Лошадь моя плыла тяжело, так, что только голова видна была из воды. При первой опасности я приготовился спрыгнуть с седла и ухватиться за гриву или за хвост, потому что в корпусе нас не учили, по несчастью, плавать – а это необходимо военному человеку. Тут же переправлялась и пехота. Пехотинцы плыли, ухватясь за хвост уланских лошадей. У одного пехотинца лошадиный хвост выскользнул из рук, и он, на самой средине реки, схватил меня за ногу. Вот беда! Я стал барахтаться, чтобы освободить ногу, а между тем лошадь моя начала фыркать, пыхтеть, отстала от других, и наконец приметно опустилась в воду… Нет спасенья, подумал я… как вдруг стременка (по-нынешнему штрипка) на рейтузах лопнула, сапог слез с ноги, и пехотинец ухватился за гриву плывшей рядом со мною лошади, а я давай жарить фухтелями и даже колоть саблей мою лошадь – она ободрилась и кое-как доплыла до берега. Выйдя на берег, я перекрестился! Наполовину я был в поту, а наполовину мокрый… В голове у меня вертелось…
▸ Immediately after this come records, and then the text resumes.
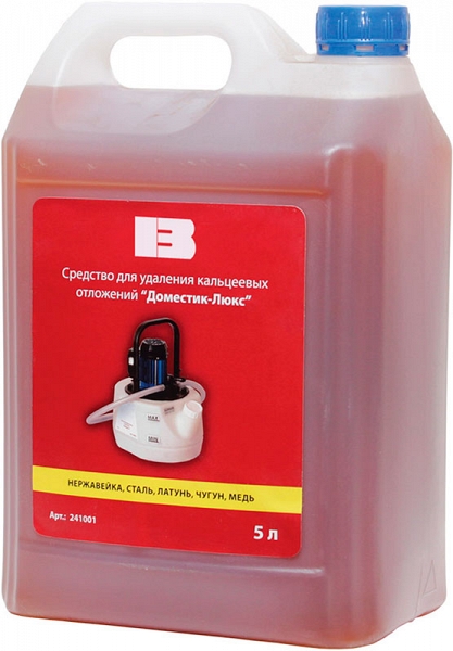 Модель снята с производства! Средство для удаления кальциевых отложений Brexit Доместик-Люкс 5 л (Брекзит Доместик-Люкс 5 л) – химический кислотный реагент, концентрированное жидкое кислотное пенное средство на основе неорганической и органической кислот для очистки теплообменников, резервуаров, емкостей, пастеризаторов, сепараторов, трубопроводов, инструментов и подобного технологического оборудования от карбонатных кальциевых отложений, накипи, окалины, мочевого камня, ржавчины
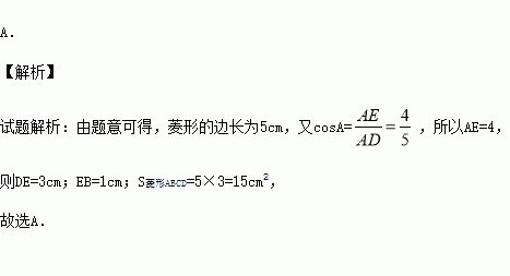 如图,菱形ABCD的周长为20cm,DE⊥AB,垂足为E,cosA=
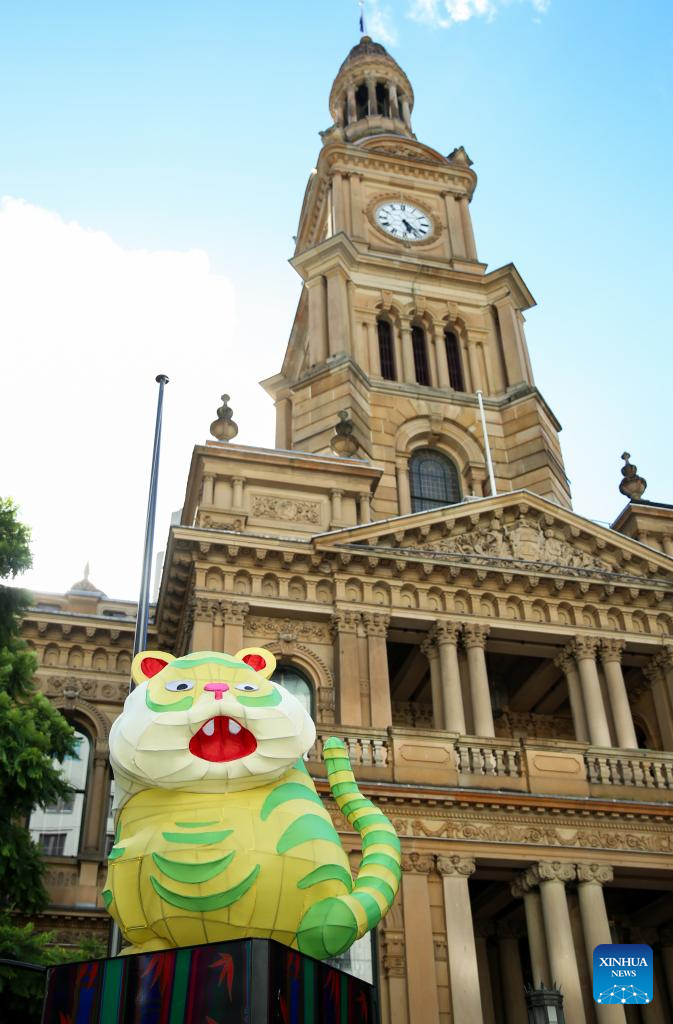 This photo taken on Feb. 10, 2024 shows a tiger-shaped lantern designed by Chinese-Australian artist Erika Zhu displayed in front of Sydney's Town Hall in Sydney, Australia. As part of a 16-day "welcoming party" underway in Australia's Sydney for the Year of Dragon, a collection of 12 Chinese Zodiac lanterns featuring 12 animals were lighting the way from Sydney's Town Hall down to Chinatown in Haymarket precinct.(Xinhua/Ma Ping)
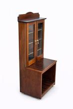 Meuble à partitions vtrine étroite en bois au style edwardien, datant de 1930–1940, bois et verre, hauteur 110 cm, largeur 45 cm, profondeur 40 cm, avec étagères intérieures, niche inférieure ouverte, poignées en laiton, origine france, en bon état a...

В некотором расстоянии от берега был лес. Под лесом и в лесу горели огни и собирались полки. Тут раздавались звуки трубы, там били в барабан, здесь громко звали полки по именам, а между тем пушечные выстрелы с противоположного берега не умолкали и ядра прыгали по берегу. Я стал прислушиваться. – "Гей, уланы его высочества, сюда!" Потом труба протрубила сбор… Еду на родной голос – и вот наши флюгера… Ну, слава Богу, я дома!
Надлежало переодеться и обуться. Мой чемодан был подмочен. Уланы стали сушить при огне мое платье и белье; один товарищ дал мне сапоги, другой напоил каким-то адским напитком, горячей водой с простым хлебным вином, чтобы согреть мне желудок – и пока платье и белье мое сушились, я завернулся, in naturalibus, в солдатскую шинель, и заснул на сырой земле так спокойно и приятно, как не спал ни один откупщик накануне торгов…
Поработали мы в эти два дня, 1 и 2-го июня! Зато и сам Наполеон и все французские воины, бывшие под Фридландом, сознались, что русские дрались превосходно, и что в плен взяты только раненые. Не только ни один полк – ни один русский взвод не положил оружия и не сдался – все дрались, пока могли!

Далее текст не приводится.